Перед расставанием Оливия, улучив минуту (какая тут минута, могли услышать), шепнула: «Не бойтесь, господин Прокофьев». Это значило, что она не настучит Марии. Значит, теперь у Прокофьева с этим ребенком есть общая тайна. Вот ведь, старый пенек, устроил себе вторую юность, по привычке, наверное. И если б ему, в самом деле, было интересно или не хватало бы ума понять, как он смешон здесь. И не столько даже смешон, как занудлив.

Прокофьев таинственно, даже торжественно (в той мере, в какой таинственен и торжественен был ее шепот) кивнул; договор заключен. Дескать, у них теперь есть тайна, он верит Оливии. Но ему показалось, что она все-таки почувствовала его иронию. Он тогда еще не знал, что все это закончится не слишком смешно.

Ночью, уже после близости, Дианка начала, сначала достаточно мягко (но ясно было, что это надолго) о том, что надо делать добро, о Вере, душе и все с таким оттенком, она жалела его. Нет, ничего конечно же страшного, Прокофьев привык.
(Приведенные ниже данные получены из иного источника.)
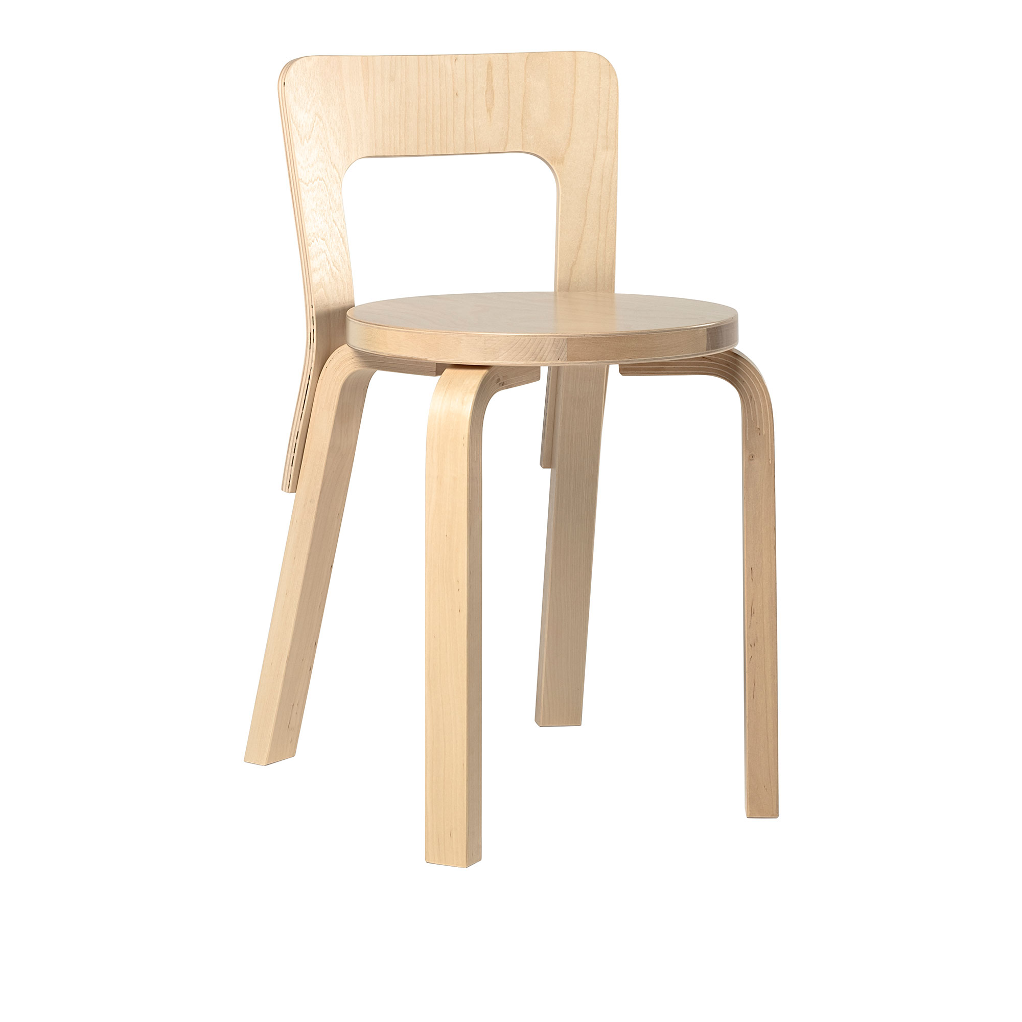 Stol 65 är formgiven av Alvar Aalto år 1935 och produceras av möbeltillverkaren Artek. Den klassiska designen har förblivit modern genom åren och ingår, precis som flera av Aaltos möbler, i en samling på Modern Museum of Arts i New York. Stolen har Aaltos karakteristiska runda sits och L-formade ben som är hopfästa med ryggen och tillverkade av formpressad björk. Ryggstödet är lågt och rektangulärt, tillverkat av ett enda stycke björkplywood med en lätt kurva som följer ryggen, ger komfort och stöd. Tack vare ryggstödets höjd kan stolen lätt skjutas in under ett matbord eller skrivbord. Stol 65 finns i flera olika utföranden.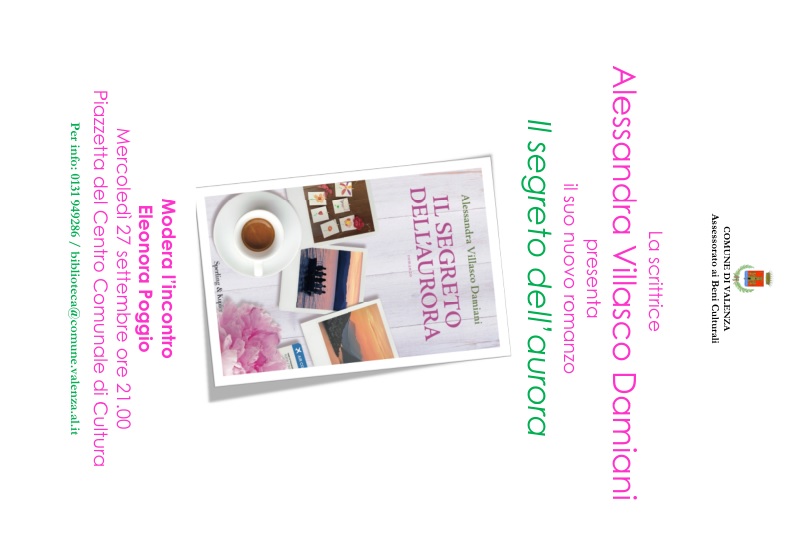 Mercoledì 27 settembre alle ore 21.00 presso la Piazzetta del Centro Comunale di Cultura di Valenza (Piazza XXXI Martiri 1) la scrittrice Alessandra Villasco Damiani presenterà il suo nuovo romanzo dal titolo “Il segreto dell’aurora”, edito da Sperling & Kupfer.

Он вообще-то умел быть «параллельно» женщине, Дианке, тем более, что с нее взять, в самом деле. Наверное, счастье, когда все так просто и ясно, когда ты все время прав. В нынешнем своем настроении он скорее даже порадовался за нее. Но дело в том, что все, что она говорит ему, все, что он наговорил и сделал за жизнь, все, что он еще будет делать и говорить – все это уже было – бессчетное множество раз было и будет. Десять жизней дай – будет то же самое ровно… А все остальное: живое, хоть сколько доподлинное – лишь для того, чтобы скрыть этот бездарный повтор от самого себя. Подступила та самая брезгливость к себе самому (давно не видели!), тот отвратный, вяжущий привкус поднимался откуда-то из кишок. (Лехтман, все-таки в той своей миниатюре передал это все весьма приблизительно.) Прокофьев молчал. Дианка требовала диалога. Раздражалась уже.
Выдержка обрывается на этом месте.